[Stored data — start]

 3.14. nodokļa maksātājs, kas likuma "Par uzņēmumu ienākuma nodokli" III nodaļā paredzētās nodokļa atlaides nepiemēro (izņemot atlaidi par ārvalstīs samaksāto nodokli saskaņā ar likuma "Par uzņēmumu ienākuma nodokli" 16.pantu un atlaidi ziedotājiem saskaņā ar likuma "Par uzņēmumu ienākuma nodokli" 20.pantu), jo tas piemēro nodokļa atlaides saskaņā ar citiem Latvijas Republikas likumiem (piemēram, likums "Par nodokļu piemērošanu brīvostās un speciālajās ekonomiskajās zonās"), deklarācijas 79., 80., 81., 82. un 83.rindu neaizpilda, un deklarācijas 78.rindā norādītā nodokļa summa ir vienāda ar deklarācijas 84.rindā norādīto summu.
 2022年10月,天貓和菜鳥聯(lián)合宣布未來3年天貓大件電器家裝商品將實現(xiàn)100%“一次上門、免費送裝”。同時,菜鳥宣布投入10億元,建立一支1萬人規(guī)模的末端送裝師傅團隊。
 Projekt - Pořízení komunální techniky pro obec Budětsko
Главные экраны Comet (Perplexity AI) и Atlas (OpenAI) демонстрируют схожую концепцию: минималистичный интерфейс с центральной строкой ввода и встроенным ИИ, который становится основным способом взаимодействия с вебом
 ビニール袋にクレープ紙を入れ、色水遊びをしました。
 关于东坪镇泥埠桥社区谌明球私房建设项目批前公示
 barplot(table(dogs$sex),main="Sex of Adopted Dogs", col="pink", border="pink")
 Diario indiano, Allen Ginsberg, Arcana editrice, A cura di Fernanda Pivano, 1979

[Stored data — finish]

- [Work request]: Could you reproduce every entry above exactly as written?

- [Exercise solution]:
 3.14. nodokļa maksātājs, kas likuma "Par uzņēmumu ienākuma nodokli" III nodaļā paredzētās nodokļa atlaides nepiemēro (izņemot atlaidi par ārvalstīs samaksāto nodokli saskaņā ar likuma "Par uzņēmumu ienākuma nodokli" 16.pantu un atlaidi ziedotājiem saskaņā ar likuma "Par uzņēmumu ienākuma nodokli" 20.pantu), jo tas piemēro nodokļa atlaides saskaņā ar citiem Latvijas Republikas likumiem (piemēram, likums "Par nodokļu piemērošanu brīvostās un speciālajās ekonomiskajās zonās"), deklarācijas 79., 80., 81., 82. un 83.rindu neaizpilda, un deklarācijas 78.rindā norādītā nodokļa summa ir vienāda ar deklarācijas 84.rindā norādīto summu.
 2022年10月,天貓和菜鳥聯(lián)合宣布未來3年天貓大件電器家裝商品將實現(xiàn)100%“一次上門、免費送裝”。同時,菜鳥宣布投入10億元,建立一支1萬人規(guī)模的末端送裝師傅團隊。
 Projekt - Pořízení komunální techniky pro obec Budětsko
Главные экраны Comet (Perplexity AI) и Atlas (OpenAI) демонстрируют схожую концепцию: минималистичный интерфейс с центральной строкой ввода и встроенным ИИ, который становится основным способом взаимодействия с вебом
 ビニール袋にクレープ紙を入れ、色水遊びをしました。
 关于东坪镇泥埠桥社区谌明球私房建设项目批前公示
 barplot(table(dogs$sex),main="Sex of Adopted Dogs", col="pink", border="pink")
 Diario indiano, Allen Ginsberg, Arcana editrice, A cura di Fernanda Pivano, 1979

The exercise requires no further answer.